If the xG models look to isolate shots based on certain characteristics, perhaps they should strive to add data to each particular moment. Perhaps an aggregate overlay on counterattacks would be counterproductive as it would take the foot off the pedal of collecting better data for each shot taken. Perhaps this serves as inspiration to keep digging, keep mining for the data that helps fix this apparent bias. Perhaps it’s the impetus to shed the sweater vest and find an old worn-in pair of boots. Something a little more hip to match the intellect.

Introducing Expected Goals 2.0 and its Byproducts by Drew Olsen

Many of the features listed below from our shot-by-shot data for 2013 and 2014 can be found above by hovering over the "Expected Goals 2.0" link. Last month, I wrote an article explaining our method for calculating Expected Goals 1.0, based only on the six shot locations. Now, we have updated our methods with the cool, new, sleek Expected Goals 2.0.

Recall that in calculating expected goals, the point is to use shot data to effectively suggest how many goals a team or player "should have scored." This gives us an idea of how typical teams and players finish, given certain types of opportunities, and then allows us to predict how they might do in the future. Using shot locations, if teams are getting a lot of shots from, say, zone 2 (the area around the penalty spot), then they should be scoring a lot of goals.

Expected Goals 2.0 for Teams

Now, in the 2.0 version, it's not only about shot location. It's also about whether or not shots are being taken with the head or the foot, and whether or not they come from corner kicks. Data from the 2013 season suggest that not only are header and corner kick shot totals predictive of themselves (stable metrics), but they also lead to lower finishing rates. Thus, teams that fare exceptionally well or poorly in these categories will now see changes in their Expected Goals metrics.

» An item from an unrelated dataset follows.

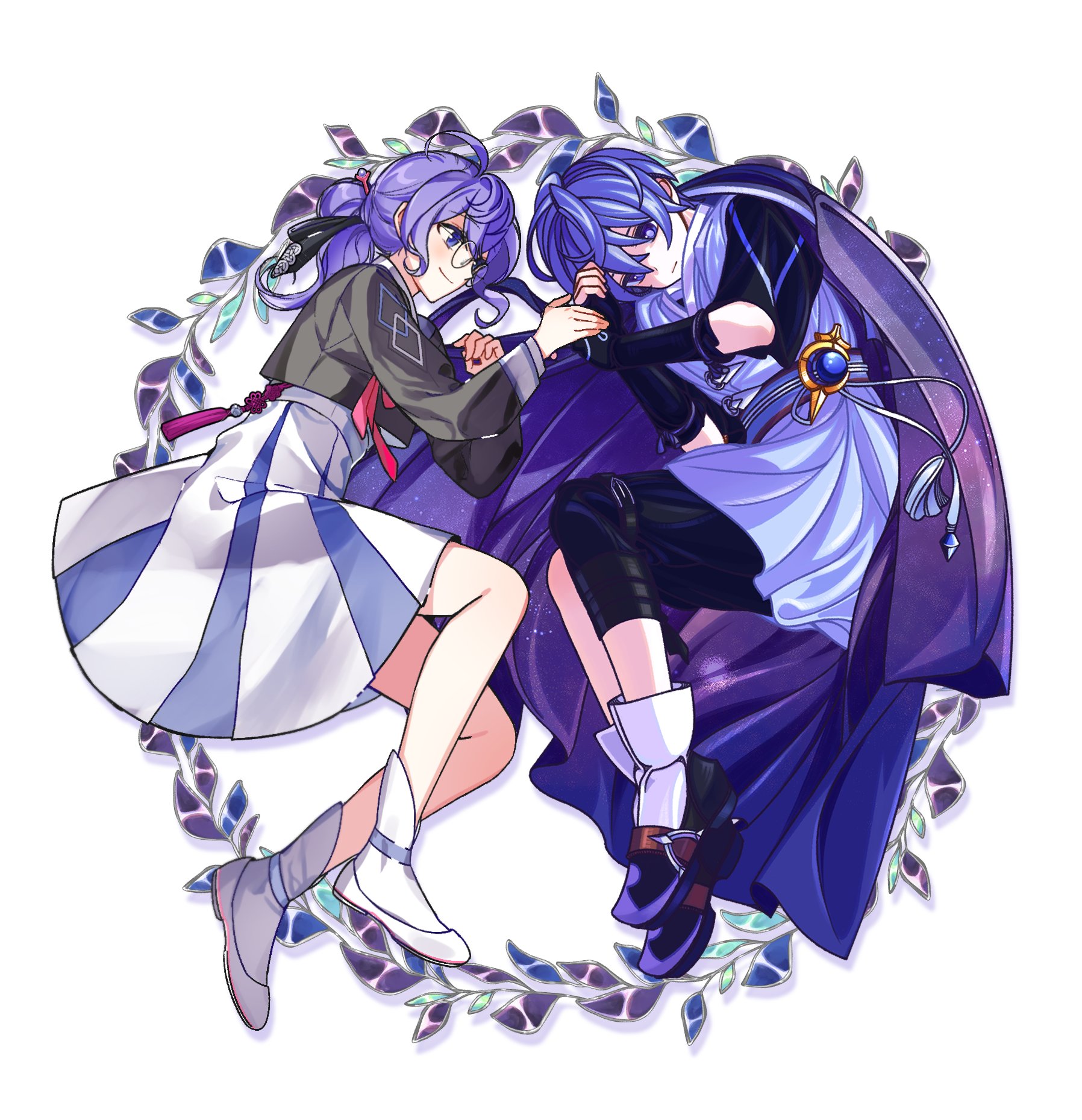 1boy1girladapted costumeahogealternate costumeblack jeogoriblack shoesblue eyesblue haircapeclosed mouthfetal positionfingerless glovesgarter beltglassesgloveslong sleeveslooking at anotherlyingon groundon sideponytailpurple hairribbonshoesshu pernovaskirtsockswhite skirtwhite socksyuria landar

Example: In 2013, Portland took a low percentage of its total shots as headers (15.4%), as well as a low percentage of its total shots from corner kicks (12.3%). Conversely, it allowed higher percentages of those types of shots to its opponents (19.2% and 15.0%, respectively). Presumably, the Timbers' style of play encourages this behavior, and this is why the 2.0 version of Expected Goal Differential (xGD) liked the Timbers more so than the 1.0 version

We also calculate Expected Goals 2.0 contextually--specifically during times periods of an even score (even gamestate)--for your loin-tickling pleasure.

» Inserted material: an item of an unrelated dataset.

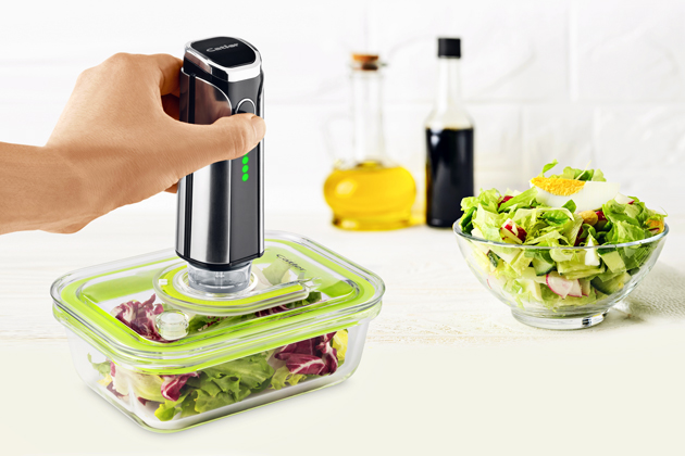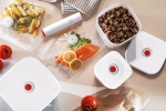 Máte-li doma vakuovačku, s plýtváním potravinami je konec. Vakuování patří k nejefektivnějším způsobům skladování potravin. Odsátím vzduchu z ochranného obalu se v potravinách výrazně zpomalí množení mikroorganismů a 3× až 5× se prodlouží jejich trvanlivost. Nejúčinnější je zavakuování do smrštitelného obalu, který navíc zmenší celkový objem a usnadní skladování. Vakuovačka je jednoduchý přístroj s rychlým použitím a obrovskou efektivitou. Součástí balení bývají kromě přístroje i opakovaně použitelné sáčky a dózy, které lze také dokoupit.

Expected Goals 2.0 for Players

Another addition from the new data we have is that we can assess players' finishing ability while controlling for the various types of shots. Players' goal totals can be compared to their Expected Goals totals in an attempt to quantify their finishing ability. Finishing is still a controversial topic, but it's this type of data that will help us to separate out good and bad finishers, if those distinctions even exist. Even if finishing is not a repeatable skill, players with consistently high Expected Goals totals may be seen as players that get themselves into dangerous positions on the pitch--perhaps a skill in its own right.

The other primary player influencing any shot is the main guy trying to stop it, the goalkeeper. This data will someday soon be used to assess goalkeepers' saving abilities, based on the types of shot taken (location, run of play, body part), how well the shot was placed in the goal mouth, and whether the keeper gave up a dangerous rebound. Thus for keepers we will have goals allowed versus expected goals allowed.

Win Expectancy

Win Expectancy is something that exists for both Major League Baseball and the National Football League, and we are now introducing it here for Major League Soccer. When the away team takes the lead in the first 15 minutes, what does that mean for their chances of winning? These are the questions that can be answered by looking at past games in which a similar scenario unfolded. We will keep Win Expectancy charts updated based on 2013 and 2014 data.